ReadPaper Blog
Toward Generalist Autonomous Research via Hypothesis-Tree Refinement
The paper studies how AI agents can conduct autonomous research over long horizons rather than merely executing many isolated experiments. It introduces Arbor, a framework for Autonomous Optimization that uses a persistent Hypothesis Tree Refinement process to connect hypotheses, artifacts, evidence, and reusable insights, producing stronger held-out gains across real research tasks.
Source: Toward Generalist Autonomous Research via Hypothesis-Tree Refinement

Why autonomous research is hard
The paper frames autonomous research as a long-horizon process of exploration, experimentation, and abstraction, where progress depends on carrying lessons from one attempt into later decisions. Its central problem is that an AI agent must improve an initial research artifact under delayed feedback, costly experiments, and frequent failures without step-level human supervision. To make this problem operational, the authors define Autonomous Optimization, in which an agent receives an artifact, a natural-language objective, and an evaluator, then iteratively improves the artifact through experimental feedback. The paper argues that treating experiments as independent local trials loses the structure that makes research cumulative. Its motivation is therefore to build a persistent research state that records what was tried, what evidence was obtained, and how each result changes the search frontier.

The gap in current agents
The paper identifies a gap between long-running tool use and genuine long-horizon research. Existing coding agents such as Codex, Claude Code, and OpenHands can edit code, call tools, retrieve information, and run experiments for extended periods, but the authors argue that sustained execution alone does not preserve the meaning of past successes and failures. The paper also contrasts Arbor with earlier scientific-agent systems that often follow predefined workflows or revise a single line of work at a time. The missing mechanism, according to the paper, is the ability to maintain competing research directions, test them through concrete artifact changes, interpret evidence, and reshape later exploration. This analysis motivates a framework in which autonomy is not just persistence in action, but persistence in structured hypothesis management.

Arbor's core idea
Arbor is the paper’s proposed framework for Autonomous Optimization, and its architecture separates global strategy from local experimental execution. A long-lived coordinator owns the research state, decides how the search frontier should evolve, and manages the sequence of hypothesis refinements. Short-lived executors each test one hypothesis by implementing artifact changes in an isolated git worktree, which lets the system evaluate ideas without corrupting other branches of the research process. Executors return structured evidence rather than only a final answer, allowing the coordinator to compare directions and revise strategy. This design turns the agent from a single continuous coding loop into a research system that can explore multiple possible improvements while preserving a coherent global view.

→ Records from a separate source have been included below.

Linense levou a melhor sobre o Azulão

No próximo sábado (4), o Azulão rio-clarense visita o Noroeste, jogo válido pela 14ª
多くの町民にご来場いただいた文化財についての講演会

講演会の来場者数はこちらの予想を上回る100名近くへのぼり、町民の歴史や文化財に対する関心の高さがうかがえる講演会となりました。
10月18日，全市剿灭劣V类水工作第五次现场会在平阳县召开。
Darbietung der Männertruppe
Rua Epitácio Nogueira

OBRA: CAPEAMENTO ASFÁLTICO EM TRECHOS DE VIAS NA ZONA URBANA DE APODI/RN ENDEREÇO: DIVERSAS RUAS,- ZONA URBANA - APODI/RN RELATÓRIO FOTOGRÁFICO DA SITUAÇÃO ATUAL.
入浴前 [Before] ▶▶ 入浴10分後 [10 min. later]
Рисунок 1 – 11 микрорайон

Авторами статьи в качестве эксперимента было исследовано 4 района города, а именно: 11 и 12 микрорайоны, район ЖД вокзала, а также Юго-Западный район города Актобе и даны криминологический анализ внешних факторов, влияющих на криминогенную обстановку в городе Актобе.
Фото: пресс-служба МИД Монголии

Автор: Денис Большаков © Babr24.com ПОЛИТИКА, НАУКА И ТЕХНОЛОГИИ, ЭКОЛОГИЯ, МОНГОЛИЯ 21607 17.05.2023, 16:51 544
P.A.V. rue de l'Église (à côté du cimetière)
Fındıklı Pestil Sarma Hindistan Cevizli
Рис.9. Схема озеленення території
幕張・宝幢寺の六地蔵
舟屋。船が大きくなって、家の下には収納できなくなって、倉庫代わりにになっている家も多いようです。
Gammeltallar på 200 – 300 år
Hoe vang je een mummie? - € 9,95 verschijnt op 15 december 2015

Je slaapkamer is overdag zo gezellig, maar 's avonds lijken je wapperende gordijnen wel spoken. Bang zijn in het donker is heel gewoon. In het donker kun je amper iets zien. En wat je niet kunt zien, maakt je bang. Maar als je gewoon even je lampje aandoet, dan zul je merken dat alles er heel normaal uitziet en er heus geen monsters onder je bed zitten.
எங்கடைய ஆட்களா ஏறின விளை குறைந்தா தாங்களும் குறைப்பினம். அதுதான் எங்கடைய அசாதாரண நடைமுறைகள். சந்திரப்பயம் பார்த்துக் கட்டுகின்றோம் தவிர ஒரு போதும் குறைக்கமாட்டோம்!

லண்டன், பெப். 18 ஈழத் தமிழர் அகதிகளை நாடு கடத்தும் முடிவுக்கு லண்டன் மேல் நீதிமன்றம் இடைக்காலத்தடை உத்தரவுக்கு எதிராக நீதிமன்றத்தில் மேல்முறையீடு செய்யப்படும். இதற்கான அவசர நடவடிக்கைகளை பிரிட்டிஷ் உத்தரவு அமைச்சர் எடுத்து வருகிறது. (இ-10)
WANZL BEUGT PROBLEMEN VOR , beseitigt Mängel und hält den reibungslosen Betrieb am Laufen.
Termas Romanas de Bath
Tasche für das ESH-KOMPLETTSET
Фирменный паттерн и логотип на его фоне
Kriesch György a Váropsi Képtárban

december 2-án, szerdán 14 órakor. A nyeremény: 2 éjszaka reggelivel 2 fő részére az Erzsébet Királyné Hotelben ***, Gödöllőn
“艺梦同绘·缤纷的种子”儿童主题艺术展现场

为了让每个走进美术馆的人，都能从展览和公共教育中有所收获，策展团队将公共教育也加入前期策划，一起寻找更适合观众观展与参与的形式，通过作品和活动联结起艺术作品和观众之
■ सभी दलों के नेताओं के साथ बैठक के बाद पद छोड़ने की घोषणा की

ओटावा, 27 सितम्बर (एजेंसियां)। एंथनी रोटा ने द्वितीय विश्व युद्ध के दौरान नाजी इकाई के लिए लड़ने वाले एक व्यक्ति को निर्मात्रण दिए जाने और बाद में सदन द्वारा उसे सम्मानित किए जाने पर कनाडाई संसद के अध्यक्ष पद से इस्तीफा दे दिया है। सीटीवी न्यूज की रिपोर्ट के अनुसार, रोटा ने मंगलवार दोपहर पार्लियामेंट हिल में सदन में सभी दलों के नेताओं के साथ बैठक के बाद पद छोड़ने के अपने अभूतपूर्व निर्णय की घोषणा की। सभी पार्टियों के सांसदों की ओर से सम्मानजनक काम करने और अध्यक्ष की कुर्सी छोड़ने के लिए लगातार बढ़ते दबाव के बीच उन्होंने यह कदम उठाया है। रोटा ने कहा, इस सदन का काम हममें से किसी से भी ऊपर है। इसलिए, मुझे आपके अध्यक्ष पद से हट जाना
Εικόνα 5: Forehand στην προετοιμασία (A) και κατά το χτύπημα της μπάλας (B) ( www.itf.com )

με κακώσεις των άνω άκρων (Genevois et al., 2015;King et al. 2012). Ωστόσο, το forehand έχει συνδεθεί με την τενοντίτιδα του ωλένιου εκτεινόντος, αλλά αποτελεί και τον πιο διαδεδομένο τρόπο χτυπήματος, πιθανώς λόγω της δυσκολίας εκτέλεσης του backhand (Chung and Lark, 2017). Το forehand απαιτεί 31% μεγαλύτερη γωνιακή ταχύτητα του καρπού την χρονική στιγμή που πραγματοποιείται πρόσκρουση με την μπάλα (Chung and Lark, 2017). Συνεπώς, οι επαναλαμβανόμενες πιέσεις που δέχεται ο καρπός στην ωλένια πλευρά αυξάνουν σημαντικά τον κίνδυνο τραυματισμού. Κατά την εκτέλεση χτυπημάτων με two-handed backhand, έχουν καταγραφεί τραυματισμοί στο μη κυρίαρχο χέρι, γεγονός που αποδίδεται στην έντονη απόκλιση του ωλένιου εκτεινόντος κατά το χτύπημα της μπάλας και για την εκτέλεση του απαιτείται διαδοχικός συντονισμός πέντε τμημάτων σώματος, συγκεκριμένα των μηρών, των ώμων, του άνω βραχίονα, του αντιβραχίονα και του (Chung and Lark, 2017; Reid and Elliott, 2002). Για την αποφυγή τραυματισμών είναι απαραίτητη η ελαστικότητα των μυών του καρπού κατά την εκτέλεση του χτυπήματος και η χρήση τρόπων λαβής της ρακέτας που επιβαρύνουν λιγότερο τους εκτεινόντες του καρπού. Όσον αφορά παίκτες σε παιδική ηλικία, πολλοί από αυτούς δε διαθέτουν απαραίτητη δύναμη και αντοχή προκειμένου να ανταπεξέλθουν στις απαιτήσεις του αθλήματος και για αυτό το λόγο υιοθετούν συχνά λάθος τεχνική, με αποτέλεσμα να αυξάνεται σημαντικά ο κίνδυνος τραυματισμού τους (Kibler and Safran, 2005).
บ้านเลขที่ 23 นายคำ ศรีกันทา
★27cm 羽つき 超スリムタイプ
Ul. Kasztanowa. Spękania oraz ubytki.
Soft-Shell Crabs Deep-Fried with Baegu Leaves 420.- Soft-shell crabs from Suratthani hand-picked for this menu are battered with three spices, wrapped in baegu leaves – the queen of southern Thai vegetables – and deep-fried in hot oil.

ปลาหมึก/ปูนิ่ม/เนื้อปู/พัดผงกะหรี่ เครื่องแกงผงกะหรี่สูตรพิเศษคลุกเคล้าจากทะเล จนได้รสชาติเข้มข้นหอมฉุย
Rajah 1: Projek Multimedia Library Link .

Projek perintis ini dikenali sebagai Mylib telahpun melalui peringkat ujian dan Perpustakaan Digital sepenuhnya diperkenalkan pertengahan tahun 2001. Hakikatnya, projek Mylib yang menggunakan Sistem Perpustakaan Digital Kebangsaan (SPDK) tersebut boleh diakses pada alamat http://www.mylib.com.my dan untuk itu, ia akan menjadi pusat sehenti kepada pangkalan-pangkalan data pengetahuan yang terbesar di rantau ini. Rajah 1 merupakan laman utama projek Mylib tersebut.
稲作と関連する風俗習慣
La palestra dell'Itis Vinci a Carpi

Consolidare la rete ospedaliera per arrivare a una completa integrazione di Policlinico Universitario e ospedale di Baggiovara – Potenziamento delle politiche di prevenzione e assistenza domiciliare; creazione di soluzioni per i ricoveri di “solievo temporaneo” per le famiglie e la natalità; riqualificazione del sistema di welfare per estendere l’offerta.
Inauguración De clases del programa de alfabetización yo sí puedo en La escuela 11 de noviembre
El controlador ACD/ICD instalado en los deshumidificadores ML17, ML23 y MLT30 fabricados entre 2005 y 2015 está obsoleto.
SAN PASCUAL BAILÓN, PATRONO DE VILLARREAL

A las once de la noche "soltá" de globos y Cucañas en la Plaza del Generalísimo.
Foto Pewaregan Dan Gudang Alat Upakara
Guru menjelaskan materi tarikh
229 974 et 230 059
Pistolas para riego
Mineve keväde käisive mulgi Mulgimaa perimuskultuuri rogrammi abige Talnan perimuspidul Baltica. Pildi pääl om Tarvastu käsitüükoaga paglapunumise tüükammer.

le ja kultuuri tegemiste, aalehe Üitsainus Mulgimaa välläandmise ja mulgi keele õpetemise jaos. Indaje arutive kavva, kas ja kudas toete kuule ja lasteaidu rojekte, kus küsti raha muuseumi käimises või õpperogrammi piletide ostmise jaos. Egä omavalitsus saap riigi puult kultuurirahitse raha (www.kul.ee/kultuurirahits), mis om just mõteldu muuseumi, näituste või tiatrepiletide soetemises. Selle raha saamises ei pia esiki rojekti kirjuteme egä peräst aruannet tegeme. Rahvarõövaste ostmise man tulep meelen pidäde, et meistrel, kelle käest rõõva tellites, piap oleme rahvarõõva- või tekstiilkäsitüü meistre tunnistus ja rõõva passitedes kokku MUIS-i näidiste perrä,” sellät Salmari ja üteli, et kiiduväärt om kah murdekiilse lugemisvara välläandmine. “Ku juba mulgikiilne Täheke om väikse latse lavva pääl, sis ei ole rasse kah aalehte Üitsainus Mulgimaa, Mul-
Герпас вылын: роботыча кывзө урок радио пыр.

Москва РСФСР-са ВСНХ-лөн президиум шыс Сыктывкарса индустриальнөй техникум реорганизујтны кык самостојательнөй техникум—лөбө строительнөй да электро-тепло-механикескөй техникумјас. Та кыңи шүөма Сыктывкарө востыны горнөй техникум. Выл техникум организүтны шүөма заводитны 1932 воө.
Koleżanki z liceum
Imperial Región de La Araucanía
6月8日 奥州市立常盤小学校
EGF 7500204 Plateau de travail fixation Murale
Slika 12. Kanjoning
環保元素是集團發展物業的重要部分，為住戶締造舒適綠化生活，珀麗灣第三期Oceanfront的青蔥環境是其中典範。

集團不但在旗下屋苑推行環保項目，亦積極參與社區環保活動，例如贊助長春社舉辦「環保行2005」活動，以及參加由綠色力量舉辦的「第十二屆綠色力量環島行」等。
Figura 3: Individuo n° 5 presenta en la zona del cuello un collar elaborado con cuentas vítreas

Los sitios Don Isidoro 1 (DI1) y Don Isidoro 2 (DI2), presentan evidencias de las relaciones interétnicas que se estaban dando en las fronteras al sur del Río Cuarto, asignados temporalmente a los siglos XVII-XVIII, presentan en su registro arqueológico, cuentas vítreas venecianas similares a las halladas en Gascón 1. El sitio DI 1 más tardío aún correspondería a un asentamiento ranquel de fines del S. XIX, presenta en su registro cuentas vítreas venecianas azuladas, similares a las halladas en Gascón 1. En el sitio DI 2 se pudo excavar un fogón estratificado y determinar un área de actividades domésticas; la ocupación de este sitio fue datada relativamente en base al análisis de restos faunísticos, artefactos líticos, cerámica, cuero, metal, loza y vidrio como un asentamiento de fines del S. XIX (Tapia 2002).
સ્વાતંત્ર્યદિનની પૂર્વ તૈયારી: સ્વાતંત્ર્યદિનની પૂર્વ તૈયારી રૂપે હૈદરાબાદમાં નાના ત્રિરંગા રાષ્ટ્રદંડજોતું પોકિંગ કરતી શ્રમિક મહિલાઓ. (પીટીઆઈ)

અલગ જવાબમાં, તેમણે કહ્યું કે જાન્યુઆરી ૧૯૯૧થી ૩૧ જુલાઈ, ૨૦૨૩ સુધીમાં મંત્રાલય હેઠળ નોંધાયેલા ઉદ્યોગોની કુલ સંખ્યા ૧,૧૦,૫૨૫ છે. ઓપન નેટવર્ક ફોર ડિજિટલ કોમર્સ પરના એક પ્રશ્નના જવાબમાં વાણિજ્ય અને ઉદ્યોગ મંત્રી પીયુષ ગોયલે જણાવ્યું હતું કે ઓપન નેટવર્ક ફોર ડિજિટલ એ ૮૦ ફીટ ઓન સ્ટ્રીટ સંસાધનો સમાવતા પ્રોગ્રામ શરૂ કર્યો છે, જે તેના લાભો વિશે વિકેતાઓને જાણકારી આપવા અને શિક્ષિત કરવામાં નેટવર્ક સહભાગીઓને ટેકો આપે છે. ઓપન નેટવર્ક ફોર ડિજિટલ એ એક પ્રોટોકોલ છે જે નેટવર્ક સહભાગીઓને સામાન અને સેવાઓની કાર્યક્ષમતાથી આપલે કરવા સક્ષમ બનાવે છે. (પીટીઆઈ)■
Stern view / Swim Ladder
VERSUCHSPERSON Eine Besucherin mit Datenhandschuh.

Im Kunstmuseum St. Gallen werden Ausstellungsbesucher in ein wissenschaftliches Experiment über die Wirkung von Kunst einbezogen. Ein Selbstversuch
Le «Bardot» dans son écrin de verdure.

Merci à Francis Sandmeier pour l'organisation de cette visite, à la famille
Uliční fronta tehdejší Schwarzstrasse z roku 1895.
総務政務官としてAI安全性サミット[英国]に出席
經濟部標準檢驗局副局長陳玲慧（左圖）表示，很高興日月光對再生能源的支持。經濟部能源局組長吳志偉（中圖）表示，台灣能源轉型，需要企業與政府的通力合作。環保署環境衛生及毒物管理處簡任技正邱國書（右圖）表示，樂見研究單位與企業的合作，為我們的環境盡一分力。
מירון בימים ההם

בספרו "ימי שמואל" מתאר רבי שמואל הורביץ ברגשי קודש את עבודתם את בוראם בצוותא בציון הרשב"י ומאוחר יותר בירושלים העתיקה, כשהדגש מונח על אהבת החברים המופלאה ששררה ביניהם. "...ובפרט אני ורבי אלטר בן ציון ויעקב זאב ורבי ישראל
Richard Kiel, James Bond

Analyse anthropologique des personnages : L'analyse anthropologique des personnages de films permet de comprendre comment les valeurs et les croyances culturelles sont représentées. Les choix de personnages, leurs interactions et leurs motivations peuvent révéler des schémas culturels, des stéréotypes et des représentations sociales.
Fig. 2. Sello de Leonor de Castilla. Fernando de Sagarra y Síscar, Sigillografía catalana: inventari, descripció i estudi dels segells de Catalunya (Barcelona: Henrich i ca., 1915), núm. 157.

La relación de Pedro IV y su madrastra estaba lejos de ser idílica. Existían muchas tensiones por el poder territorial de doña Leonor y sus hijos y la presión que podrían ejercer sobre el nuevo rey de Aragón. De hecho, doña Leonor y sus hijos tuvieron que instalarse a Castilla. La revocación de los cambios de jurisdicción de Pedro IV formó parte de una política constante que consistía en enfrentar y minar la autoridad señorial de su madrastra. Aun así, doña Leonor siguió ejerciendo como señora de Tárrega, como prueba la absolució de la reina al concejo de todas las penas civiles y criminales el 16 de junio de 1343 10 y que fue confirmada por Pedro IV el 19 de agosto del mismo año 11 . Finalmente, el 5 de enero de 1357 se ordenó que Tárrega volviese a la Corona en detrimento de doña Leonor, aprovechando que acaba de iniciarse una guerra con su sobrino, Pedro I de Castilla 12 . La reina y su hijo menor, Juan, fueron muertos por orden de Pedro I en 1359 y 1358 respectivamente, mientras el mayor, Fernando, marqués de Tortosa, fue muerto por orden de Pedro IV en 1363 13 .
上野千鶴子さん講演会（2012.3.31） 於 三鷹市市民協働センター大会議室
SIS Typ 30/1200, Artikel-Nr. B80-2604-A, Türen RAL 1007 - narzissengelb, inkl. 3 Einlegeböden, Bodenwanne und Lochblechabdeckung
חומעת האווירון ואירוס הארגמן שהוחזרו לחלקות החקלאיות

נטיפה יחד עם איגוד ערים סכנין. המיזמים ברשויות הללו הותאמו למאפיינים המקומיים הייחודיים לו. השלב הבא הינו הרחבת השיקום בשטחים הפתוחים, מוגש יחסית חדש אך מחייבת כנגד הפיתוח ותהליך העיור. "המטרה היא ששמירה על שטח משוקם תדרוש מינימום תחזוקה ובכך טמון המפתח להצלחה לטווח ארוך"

Hypothesis Tree Refinement
The technical core of Arbor is Hypothesis Tree Refinement, or HTR, which represents the research process as a persistent tree linking hypotheses, artifact versions, experimental evidence, and distilled insights. Each node binds a proposed research direction to the concrete artifact that realizes it and to the results produced by testing it. When executor results return, Arbor writes evidence back to the executed nodes, abstracts local findings upward, and uses the updated tree to choose which branches to expand, prune, or merge. The paper emphasizes that failures are not discarded, because they can become reusable constraints or lessons for later hypotheses. Candidate improvements are promoted only when they improve a held-out evaluation, making the tree both an audit trail and a mechanism for disciplined artifact improvement.

What the paper shows
The paper evaluates Arbor on six real Autonomous Optimization tasks spanning model training, harness engineering, and data synthesis, each with an initial artifact, objective, native metric, and development/test protocol. Across these tasks, Arbor achieves the best held-out result on all six and reports more than 2.5× the average relative held-out gain of Codex and Claude Code under the same task interface and resource budget. The examples in the paper include optimizer design, architecture design, Terminal-Bench, BrowseComp, Search-Agent, and math-reasoning data synthesis, showing that the framework is intended to generalize beyond a single research domain. On MLE-Bench Lite, Arbor reaches 86.36% Any Medal with GPT-5.5, which the paper reports as the strongest result in its comparison. The authors attribute these gains to evidence-structured research: hypotheses remain grounded in executable artifacts, local findings become reusable insights, and later decisions are made over an explicit research state.